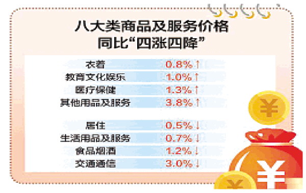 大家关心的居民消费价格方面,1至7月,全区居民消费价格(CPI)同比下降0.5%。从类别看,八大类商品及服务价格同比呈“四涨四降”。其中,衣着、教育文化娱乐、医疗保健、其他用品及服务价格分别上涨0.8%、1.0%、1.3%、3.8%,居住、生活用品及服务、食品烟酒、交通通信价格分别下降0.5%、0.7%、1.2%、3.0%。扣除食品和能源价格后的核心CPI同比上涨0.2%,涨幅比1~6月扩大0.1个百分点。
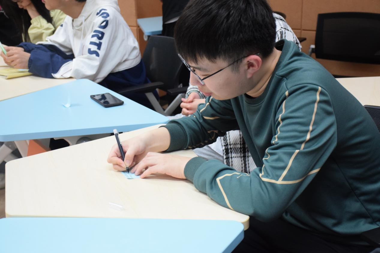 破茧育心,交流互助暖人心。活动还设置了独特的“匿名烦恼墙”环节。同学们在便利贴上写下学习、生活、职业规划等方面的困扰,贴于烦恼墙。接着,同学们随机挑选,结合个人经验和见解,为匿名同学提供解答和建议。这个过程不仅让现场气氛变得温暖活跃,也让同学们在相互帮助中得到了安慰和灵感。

==

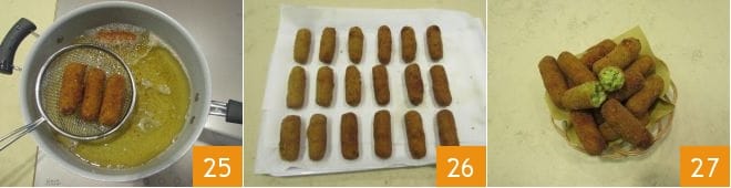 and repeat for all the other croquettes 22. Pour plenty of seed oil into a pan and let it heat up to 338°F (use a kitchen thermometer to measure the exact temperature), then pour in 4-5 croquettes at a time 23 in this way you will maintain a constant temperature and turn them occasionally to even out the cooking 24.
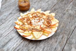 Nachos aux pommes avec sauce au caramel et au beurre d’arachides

▶ WHAT TO PRODUCE
Look above for the line with "大家关心的居民消费价格方面,1至7月,全" and the line with "破茧育心,交流互助暖人心。活"; set down those two lines and all lines between them exactly, without pictures and without anything else.

▶ ANSWER TO THIS TASK
 大家关心的居民消费价格方面,1至7月,全区居民消费价格(CPI)同比下降0.5%。从类别看,八大类商品及服务价格同比呈“四涨四降”。其中,衣着、教育文化娱乐、医疗保健、其他用品及服务价格分别上涨0.8%、1.0%、1.3%、3.8%,居住、生活用品及服务、食品烟酒、交通通信价格分别下降0.5%、0.7%、1.2%、3.0%。扣除食品和能源价格后的核心CPI同比上涨0.2%,涨幅比1~6月扩大0.1个百分点。
 破茧育心,交流互助暖人心。活动还设置了独特的“匿名烦恼墙”环节。同学们在便利贴上写下学习、生活、职业规划等方面的困扰,贴于烦恼墙。接着,同学们随机挑选,结合个人经验和见解,为匿名同学提供解答和建议。这个过程不仅让现场气氛变得温暖活跃,也让同学们在相互帮助中得到了安慰和灵感。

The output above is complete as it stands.